• _Task instructions_: Drop every picture. Then return, exactly, the lines from the beginning of the listing below through the one containing "- Hotte à évacuation".

• _Dataset content_:
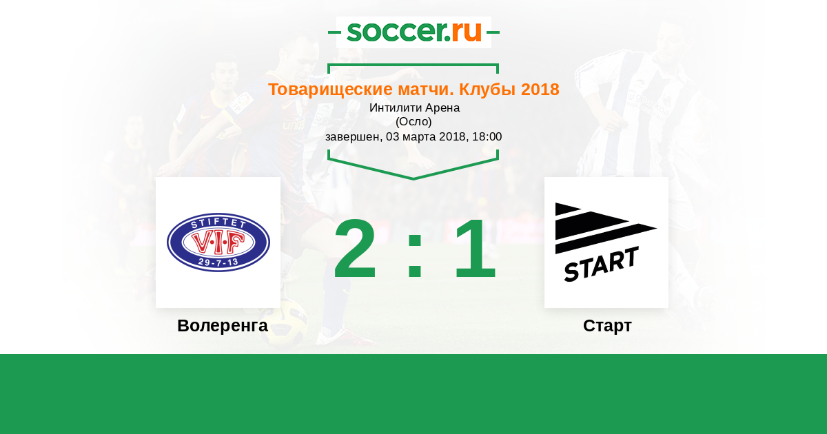 Норвегия. Высшая лига 14.04.2018 Старт Логотип футбольный клуб Старт (Кристиансанд) 1:6 Логотип футбольный клуб Волеренга (Осло) Волеренга
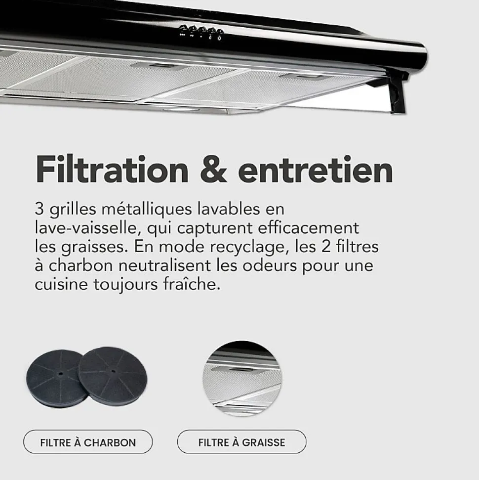 - Hotte à évacuation ou recyclage livrée avec filtre à charbon, Filtres à graisse : grilles lavables en lave-vaisselle, Commandes par boutons poussoirs, Clapet anti-retour.
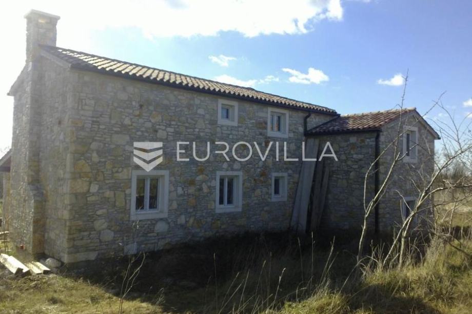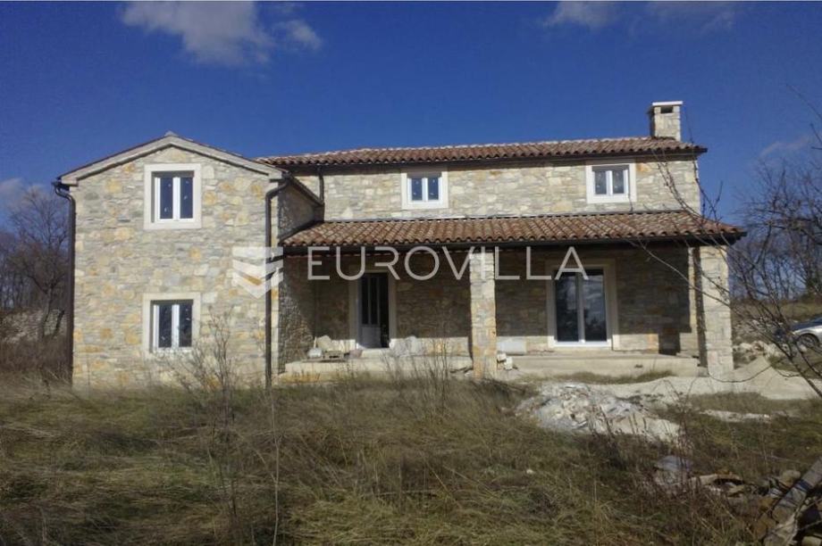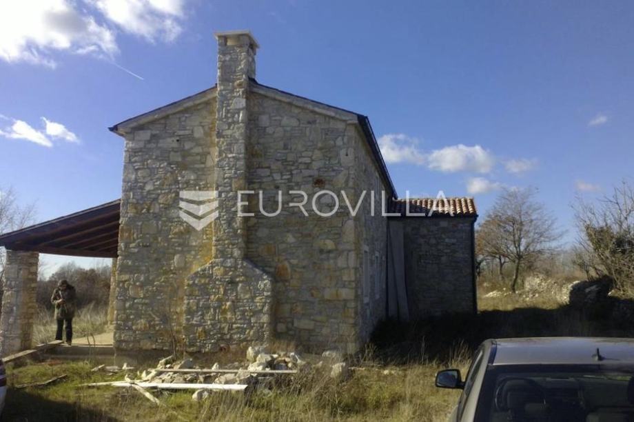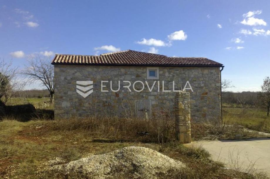Istria, near Svetvinčenat, a stone two-story house with a pool on a spacious plot of 5,237m².The house is "T"-shaped in plan, with a ground floor and an upper floor, boasting a gross area of 250m². The ground floor features two levels: one with a porch, living room, bathroom, and staircase, and...

• _Response to the exercise_:
 Норвегия. Высшая лига 14.04.2018 Старт Логотип футбольный клуб Старт (Кристиансанд) 1:6 Логотип футбольный клуб Волеренга (Осло) Волеренга
 - Hotte à évacuation ou recyclage livrée avec filtre à charbon, Filtres à graisse : grilles lavables en lave-vaisselle, Commandes par boutons poussoirs, Clapet anti-retour.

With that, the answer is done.